***** DATA BLOCK

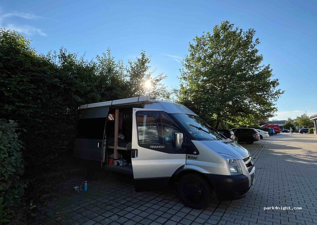 Der Parkplatz ist von einem Aldi Supermarkt. Sobald der Laden geschlossen ist, ist nichts mehr los. Perfekt zum schlafen. Morgens gehen 6 Uhr kamen Mitarbeitende, welche uns freundlich begrüßt haben :)
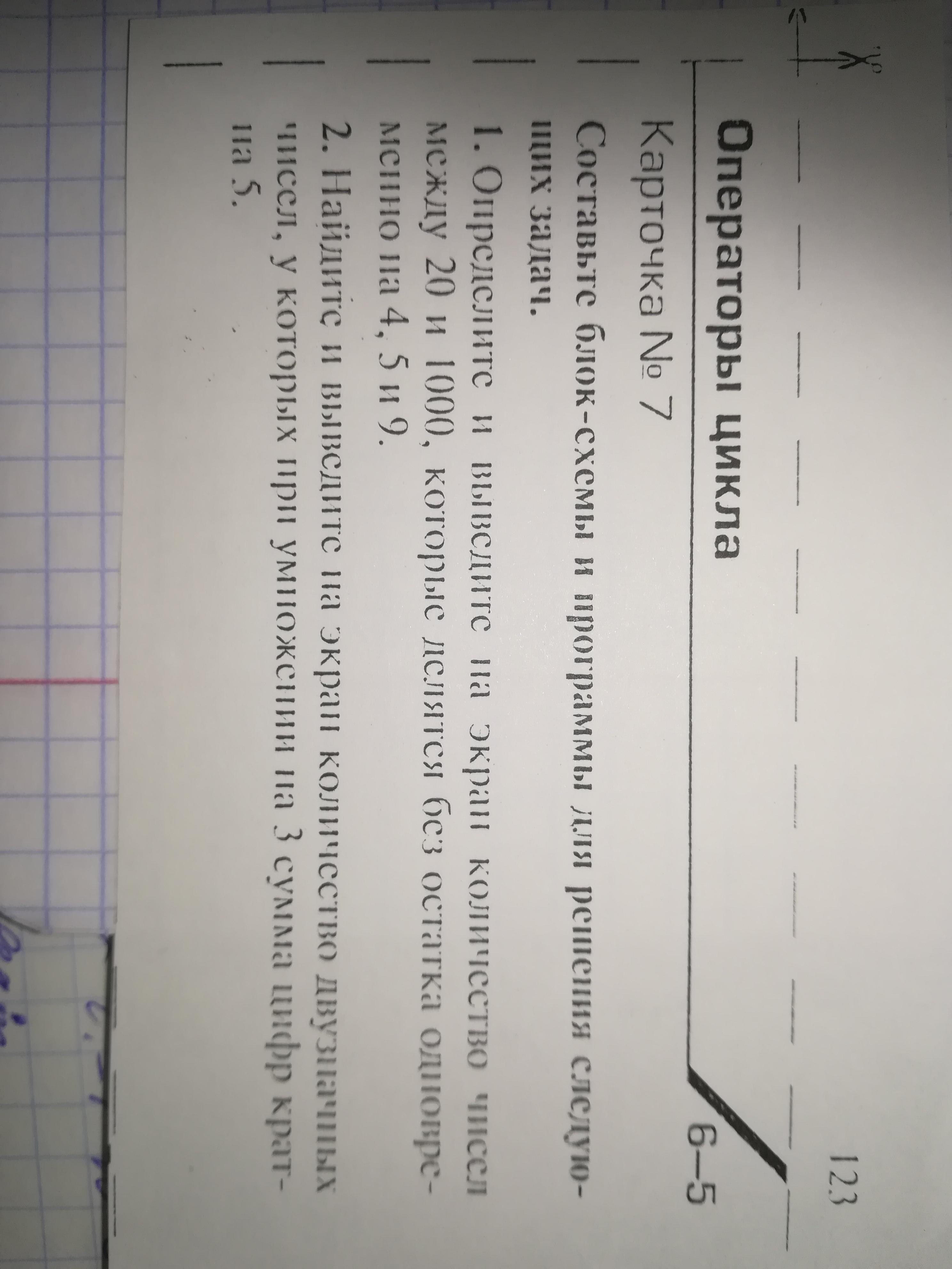 Операторы цикла. Карточка 7. Составьте блок-схемы и программы для решениея следующих задач.
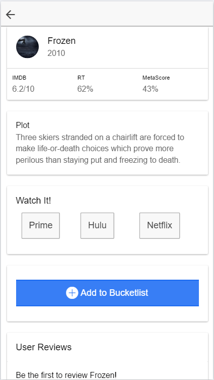 We provide you with unique profiles for movies and their ratings. Along with ratings from IMDB and Rotten Tomatoes, there is a place for you to leave your own opinion on what you thought about it along with unique links to platforms that provide you with access to the movie, including Netflix, Hulu and Amazon.

**********

WHAT THE TASK ASKS |
Could the listing above be printed again in full, with every picture omitted?

TASK ANSWER |
 Der Parkplatz ist von einem Aldi Supermarkt. Sobald der Laden geschlossen ist, ist nichts mehr los. Perfekt zum schlafen. Morgens gehen 6 Uhr kamen Mitarbeitende, welche uns freundlich begrüßt haben :)
 Операторы цикла. Карточка 7. Составьте блок-схемы и программы для решениея следующих задач.
 We provide you with unique profiles for movies and their ratings. Along with ratings from IMDB and Rotten Tomatoes, there is a place for you to leave your own opinion on what you thought about it along with unique links to platforms that provide you with access to the movie, including Netflix, Hulu and Amazon.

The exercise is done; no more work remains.